Time passed without measure. Hope melted snow in her hands to drink. The water tasted of something she could not quite place. She tried to drip some past Alishia’s lips, but the girl’s mouth pursed tight. Sometimes she sat on the path and cuddled the girl to her, crying and feeling tears freezing on her cheeks. She shared her warmth but received little in return: a sigh here, a whisper there. Occasionally Alishia would start talking again, those strange words unheard for so long, but their meaning was still inexplicable.

She thought of the Mages perched atop their monstrous machine, heading south, deeper into Kang Kang. Not them at all, she tried to convince herself. They’d have seen us. They’d have killed us. Not them at all. An image from Kang Kang? Another one of its tricks? But not them…

Perhaps she traveled for a day, or two days, or longer. The mountains grew higher around her and Kang Kang pressed in, threatening her with a thousand deaths that it seemed unable to deliver. “Is this you?” Hope would ask, but the girl never answered. “Is thisyou?” she asked what was inside the girl. But magic, as ever, was silent.
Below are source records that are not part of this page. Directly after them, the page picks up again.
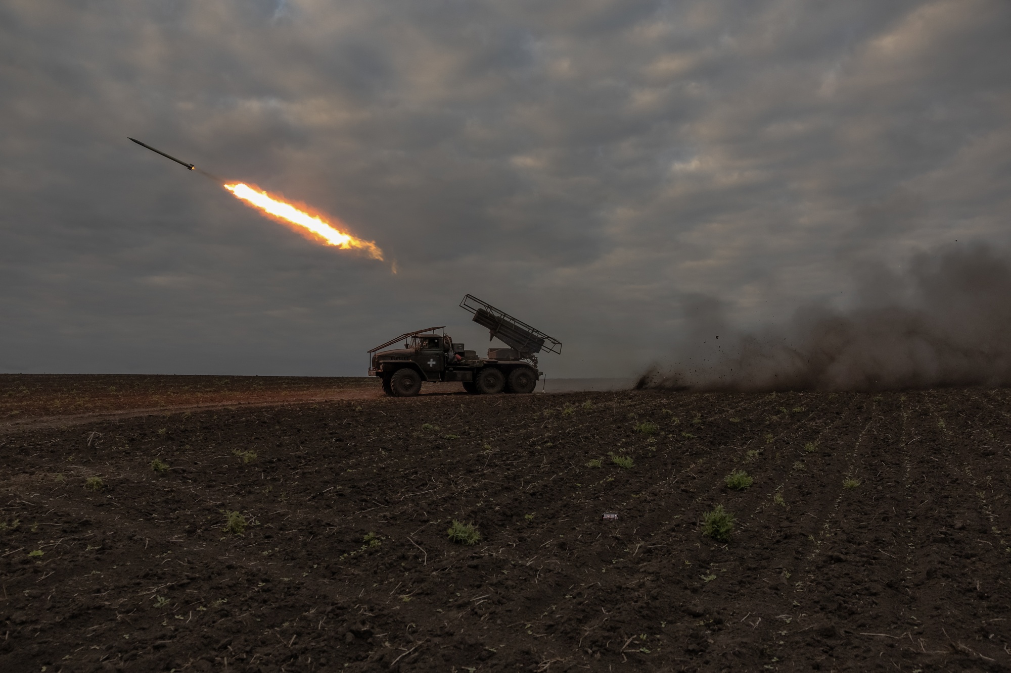 乌克兰军人向哈尔科夫地区的俄罗斯阵地发射多管火箭发射器,时间为5月15日。摄影师:Roman Pilipey/AFP/Getty Images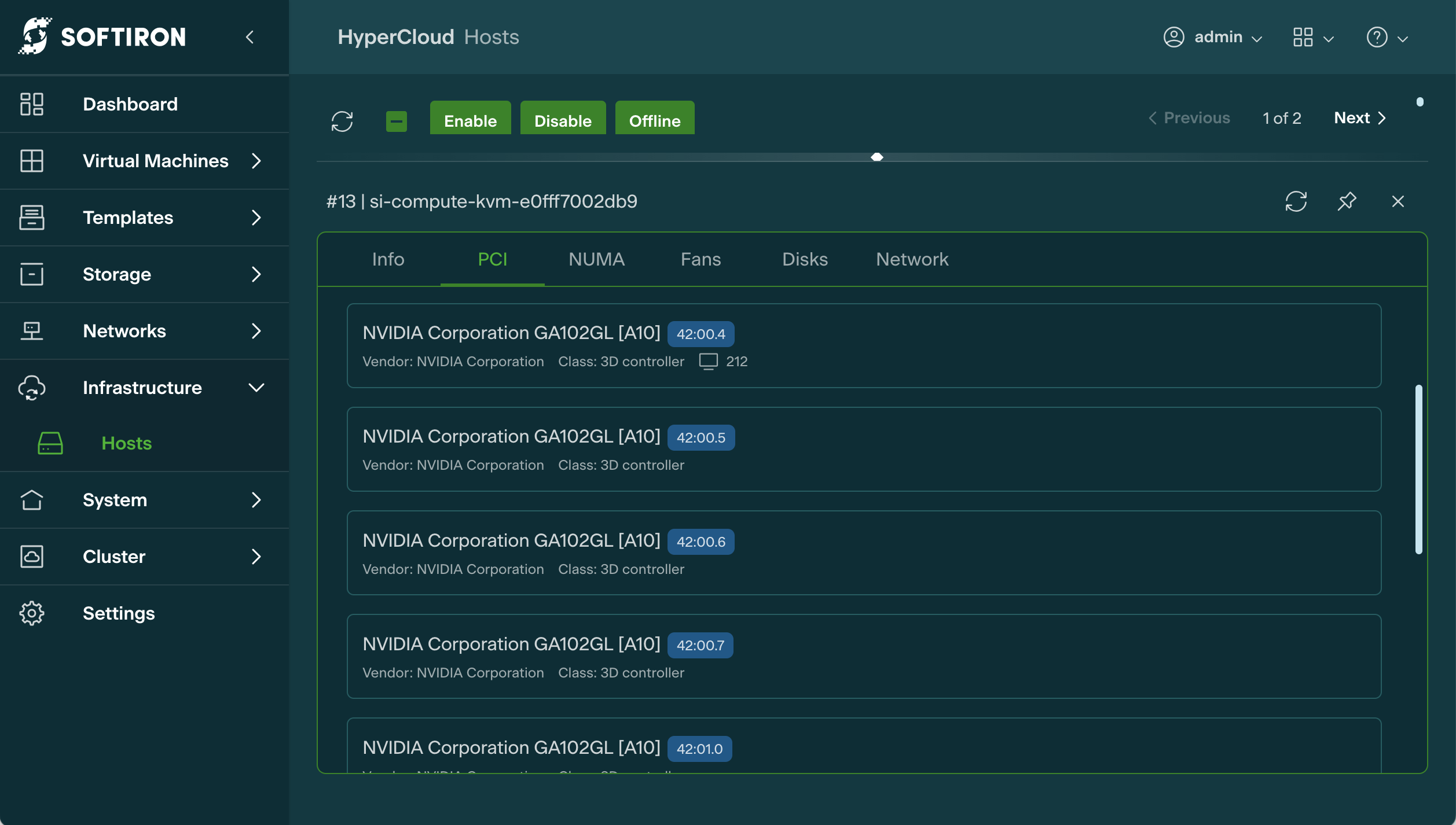 On HyperCloud Intelligent nodes with GPU or AI hardware acceleration the PCI tab shows the card information: vendor, PCIe bus etc.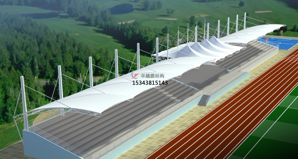 張拉膜看臺主要用于各類地方體育場主席臺雨棚,各類學(xué)校體育場看臺雨棚遮蓋,我公司是國內(nèi)較早從事大懸挑張拉膜結(jié)構(gòu)看臺設(shè)計施工的專業(yè)廠家,下面介紹一下我們在承德市周邊縣市完工的一些張拉膜看臺設(shè)計施工案例,我公司先后在承德市周邊承接了張家口學(xué)院看臺雨棚、承德體育運動學(xué)校張拉膜看臺罩棚、河北承德第中學(xué)張拉膜看臺遮陽棚張拉膜看臺遮陽棚等設(shè)計施工項目,簡介如下:
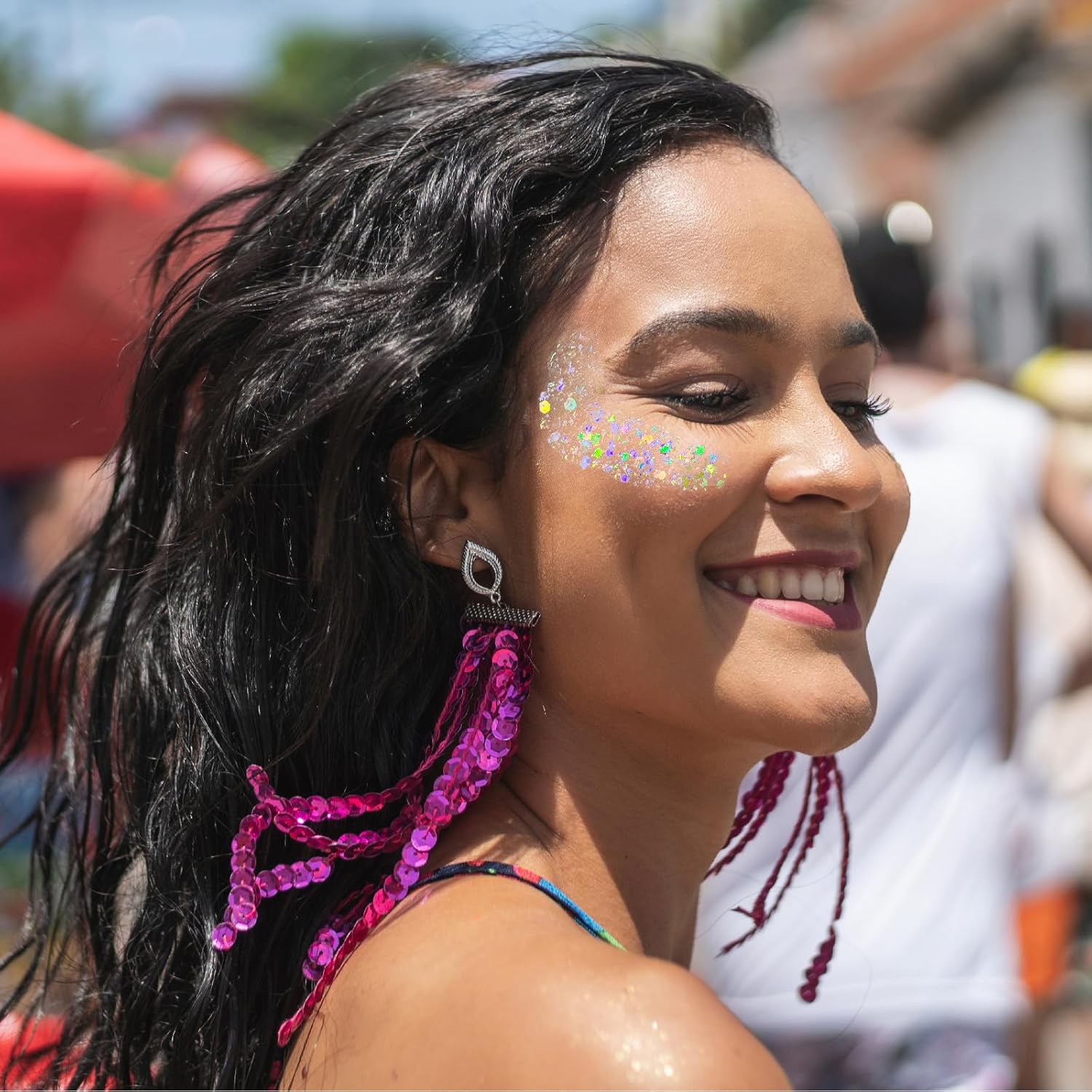 - Add a vibrant and shimmering touch to your makeup and costume with this glitter gel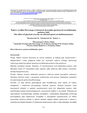 Mrozkowiak M., Sokołowski M., Kaiser A. Wpływ wysiłku fizycznego wybranych dyscyplin sportowych na habitualną postawę ciała = The effect of physical exercise on selected sports on habitual posture. Journal of Education, Health and Sport. 2016;6(10):131-157. eISSN 2391-8306. DOI http://dx.doi.org/10.5281/zenodo.160499 http://ojs.ukw.edu.pl/index.php/johs/article/view/3930 The journal has had 7 points in Ministry of Science and Higher Education parametric evaluation. Part B item 755 (23.12.2015). 755 Journal of Education, Health and Sport eISSN 2391-8306 7 © The Author (s) 2016; This article is published with open access at Licensee Open Journal Systems of Kazimierz Wielki University in Bydgoszcz, Poland Open Access. This article is distributed under the terms of the Creative Commons Attribution Noncommercial License which permits any noncommercial use, distribution, and reproduction in any medium, provided the original author(s) and source are credited. This is an open access article licensed under the terms of the Creative Commons Attribution Non Commercial License (http://creativecommons.org/licenses/by-nc/4.0/) which permits unrestricted, non commercial use, distribution and reproduction in any medium, provided the work is properly cited. This is an open access article licensed under the terms of the Creative Commons Attribution Non Commercial License (http://creativecommons.org/licenses/by-nc/4.0/) which permits unrestricted, non commercial use, distribution and reproduction in any medium, provided the work is properly cited. The authors declare that there is no conflict of interests regarding the publication of this paper. Received: 02.09.2016. Revised 24.09.2016. Accepted: 12.10.2016. Wpływ wysiłku fizycznego wybranych dyscyplin sportowych na habitualną postawę ciała The effect of physical exercise on selected sports on habitual posture 1 Mrozkowiak M., 2Sokołowski M., 3Kaiser A. 1 2 Bioergonsport, Płock, Polska Akademia Wychowania Fizycznego, ul. Królowej Jadwigi 27/39, Poznań, Polska 3 Wyższa Szkoła Bankowa w Poznaniu, Polska Słowa kluczowe: postawa habitualna, sport Streszczenie Wstęp. Wpływ ćwiczeń fizycznych na rozwój osobniczy są funkcją jego intensywności i długotrwałości. Celem podjętych badań jest wykazanie wpływu treningu sportowego właściwego danej dyscyplinie sportowej na habitualną postawę ciała sportowca Materiał, przedmiot metoda. Pomiarów 35 przestrzennych cech habitualnej postawy ciała dokonano wśród 151 zawodników judo, zapasów, piłki siatkowej, piłki nożnej i szermierki. metodą fotogrametryczną. Wyniki. Opisano postawę habitualną sportowca właściwą każdej dyscyplinie sportowej, określono istotność różnic z przyjętymi wielkościami cech postawy habitualnej osobników nie uprawiających sportu klasyfikowanego. Wnioski. (1) Stan zdrowia uprawiających sport kwalifikowany może zależeć od wiedzy, umiejętności i wrażliwości prowadzącego szkolenie sportowe. Istotnym kryterium oceny stosowanych obciążeń w sportach asymetrycznych może być diagnostyka postawy ciała, umożliwiająca korektę metod treningowych i stosowanych środków w jej ramach. Wskazane jest wprowadzenie wszechstronnego szkolenia zawodników i doskonalenia funkcjonalnej równowagi poszczególnych grup mięśniowych, szczególnie w dyscyplinach asymetrycznych, (2) Należy wprowadzić właściwą selekcje w naborze młodych adeptów klubów sportowych w oparciu o systematyczne badania lekarskie, (3) Zaburzenia statyki postawy ciała w wieku dojrzałego zawodnika 131 mogą być konsekwencją nie stosowania zasad treningu holistycznego i błędów w początkowym etapie szkolenia, błędów w rozgrzewce i braku ćwiczeń kształtujących nawyk postawy prawidłowej w jej ramach, (4) Zrealizowane badania nie dają pełnego obrazu zmian w postawie ciała po wpływem pracy charakterystycznej dla danej dyscypliny sportowej. Keywords: habitual posture, sport Summary Admission. The impact of physical exercise on the development of the individual are a function of its intensity and duration. The aim of the study is to demonstrate the influence of sports training appropriate for their sport habitual posture athlete The material object of the method. Measurements 35 spatial characteristics of habitual posture made of 151 players judo, wrestling, volleyball, football and fencing. photogrammetric method. Results. Described the attitude of habitual athlete right every sports discipline, defined the significance of differences of values accepted traits of habitual attitudes of individuals not engaged in sport classified. Conclusions. (1) The health status of athletes qualified may depend on the knowledge, skills and sensitivity leading sports training. An important criterion for evaluating the load in sports may be asymmetric diagnostics of body posture, enabling correction of training methods and means used within it. It is the introduction of comprehensive training of players and improve functional balance of individual muscle groups, especially in the disciplines of asymmetric (2) Enter the correct selections in recruiting young students of sports clubs based on regular medical examinations, (3) disorders static posture in adulthood player may be the consequence of not applying the principles of training holistic and errors in the initial training phase, errors in the warm-up and lack of exercise forming the habit of correct posture within it, (4) Realized studies do not give a complete picture of changes in body posture the influence of labor characteristic of the sport. 132 1. Wprowadzenie Przyjęto, że zwiększona aktywności fizyczna jest jednym z kluczowych zadań w promocji zdrowia. Wiele ośrodków zajmujących się tą problematyką oparło się na modelu Toronto (HRF – Heath Related Fitness), opracowanym przez C. Boucharda i R.J. Shepharda [1], który zakłada, że składowe wydolności fizycznej są podstawą zdrowia i mogą być dod

SOMETHING CAME AGAINST them from the sky. It began as a heavy drone in the distance, turning quickly into a loud buzzing sound that seemed to confront them from all sides. Hope looked around in a panic, brandishing the disc-sword. The shadows appeared from the east, flitting in across the ground and casting themselves large with light from the death moon. Their wings blurred the air like heat haze. Snow was stirred up behind them, swirling in complex patterns. Alishia mumbled something and a strong wind blew up, originating somewhere far behind and below them and roaring up the valley. The flying things came closer, and Hope could make out their long legs and heavy stings, their wings, their heads dotted with a dozen eyes and trailing hair like an old man’s beard. The wind rushed past Hope and Alishia, passing by within a few steps of where they stood without disturbing a hair on their heads. It struck the flying things, swept them into the mountainside, cleared the ground of snow. The buzzing stopped, and the wind died away as quickly as it had come.

Hope saw the broken bodies spilling steam. Some of them twitched, but none of them remained a threat. She turned and left quickly, thinking of magic, asking the question of Alishia yet again and receiving the same silence as response.